Sony has pointed the finger directly at Anonymous for the hack on its online gaming database.
In a letter to the US Congress, Kazuo Hirai, Sony Computer Entertainment chairman of the board of directors, claimed that Sony had been investigating the intrusion around the clock and what had become ‘more and more evident is that Sony has been the victim of a very carefully planned, very professional, highly sophisticated criminal cyber attack designed to steal personal and credit card information for illegal purposes'.
He went on to say that when data being stolen was discovered, a file was also found on the server that was named ‘Anonymous' with the words ‘we are Legion'.
“Just weeks before, several Sony companies had been the target of a large-scale, coordinated denial-of-service (DoS) attack by the group Anonymous. The attacks were coordinated against Sony as a protest against Sony for exercising its rights in a civil action in the United States District Court in San Francisco against a hacker,” the letter said.
Hirai went on to claim that the breach occurred at the same time as the DoS attack, which was not immediately detected because of its ‘sheer sophistication' and because a ‘system software vulnerability' was exploited.

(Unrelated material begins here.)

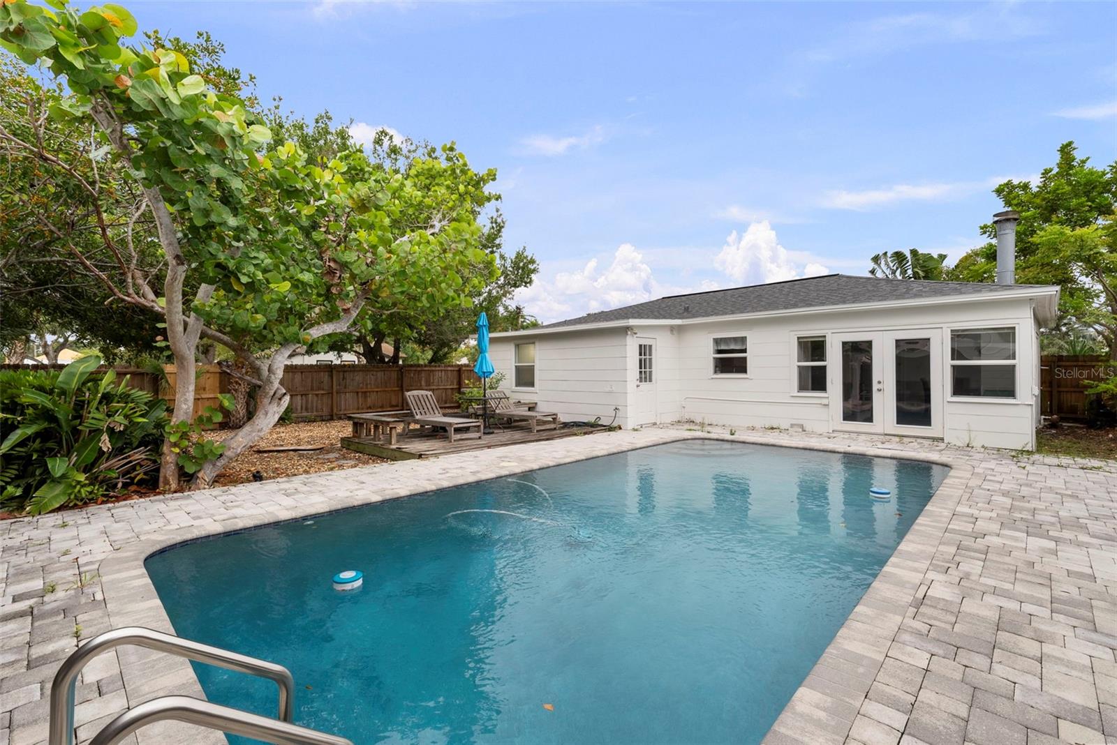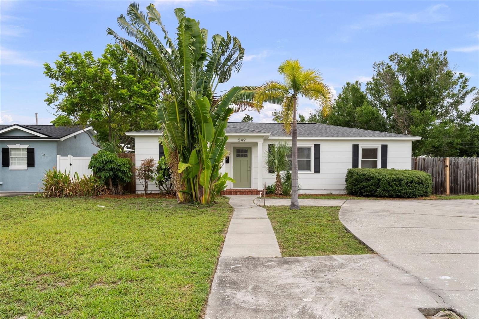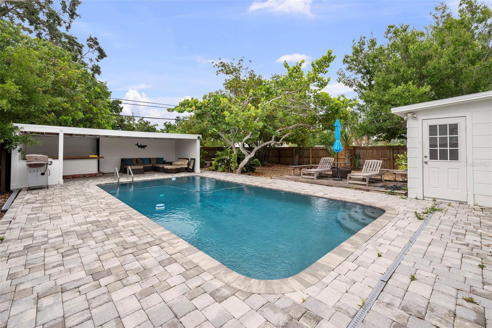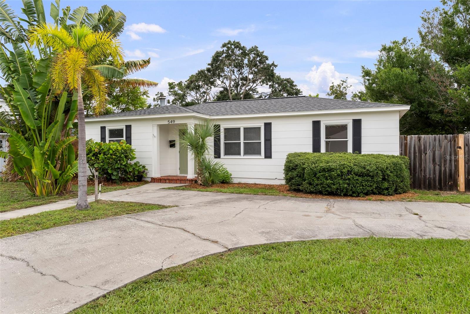 Welcome to this beautiful 2 bed/ 2 1/2 bath pool home located on a corner lot with circular drive in the lovely Snell Shores neighborhood with rear alley access! You will enter into the light and bright living room flanked by a large dining room with fireplace overlooking amazing pool/entertaining area! Updated kitchen with brand new appliances is a chef's dream come true. Primary bedroom with walk-in closet and ensuite. Laundry room for added storage space with new washer and dryer. New flooring throughout, new hot water tank, and new roof!Step out into your private oasis, featuring an in-ground pool surrounded by patio perfect for lounging by the pool, small deck area, as well as cabana with lighted pool bar and half pool bath. New pool pump! The backyard is oversized, low-maintenance, fenced in, offers a shed for additional storage and there is plenty of parking with gate that opens up for your RV, boat, or any of your other storage needs! Conveniently located to DTSP, the beautiful Crisp Park with boat launch and 4th Street with so many parks, shops, and restaurants. Just a short drive to the Gulf's Famous Beaches!

He said: “Whether those who participated in the DoS attacks were conspirators or whether they were simply duped into providing cover for a very clever thief, we may never know. In any case, those who participated in the DoS attacks should understand that – whether they knew it or not – they were aiding in a well planned, well executed, large-scale theft that left not only Sony a victim, but also Sony's many customers around the world.
“Making the internet safe for entertainment, commerce and education is a paramount government interest. The criminal cyber attacks on Sony have been and will continue to be perpetrated on other companies as well. If not addressed, these types of attacks could become more commonplace.”
Sony went on to confirm that unauthorised activity was detected on the afternoon of Tuesday 19th April, with a discovery that data had been transferred off the servers without authorisation the next day, causing the shut down of the network. The FBI was notified on 22nd April and details were given to law enforcement on Wednesday 27th April.
As for identifying how the breach occurred, Sony said that it had discovered how it happened but was ‘reluctant to make full details publicly available because the information is the subject of an on-going criminal investigation and also the information could be used to exploit vulnerabilities in systems other than Sony's that have similar architecture to the PlayStation network'. It also said that it had not identified the individual(s) responsible for the breach.
Asked what was taken, it confirmed that queries were made for user names, addresses, email addresses, dates of birth, PlayStation network/Qriocity password and login and online IDs. However Sony also said that major credit card companies have not reported any increase in the number of fraudulent transactions.
In a statement on the 24th April, Anonymous claimed that it was not responsible. It said: “While it could be the case that other Anons have acted by themselves, AnonOps was no related to this incident and does not take responsibility for whatever has happened.
“A more likely explanation is that Sony is taking advantage of Anonymous' previous ill-will towards the company to distract users from the fact that the outage is actually an internal problem with the company's servers.”
Robin Adams, director of security, fraud and risk management at The Logic Group, said: “I wonder if Sony are aware of the Payment Card Industry Data Security Standard (PCI DSS) since they are very effectively stating their non-compliance? The PCI DSS control 3.1 states that cardholder data must be kept to a minimum and that a data retention and deletion policy must be implemented, which involves a process for the secure deletion of cardholder data when it is no longer required. I would suggest outdated credit card databases fall fairly under this category.
“Not only that but the PCI DSS Prioritised Approach categorises the 220 plus controls into six risk levels and control 3.1 is one of only eight controls considered severe enough to be put in at risk level 1. In these litigious days one can only assume that the Sony lawyers and Marcom staff who proofread this statement had been missing during the security awareness training.”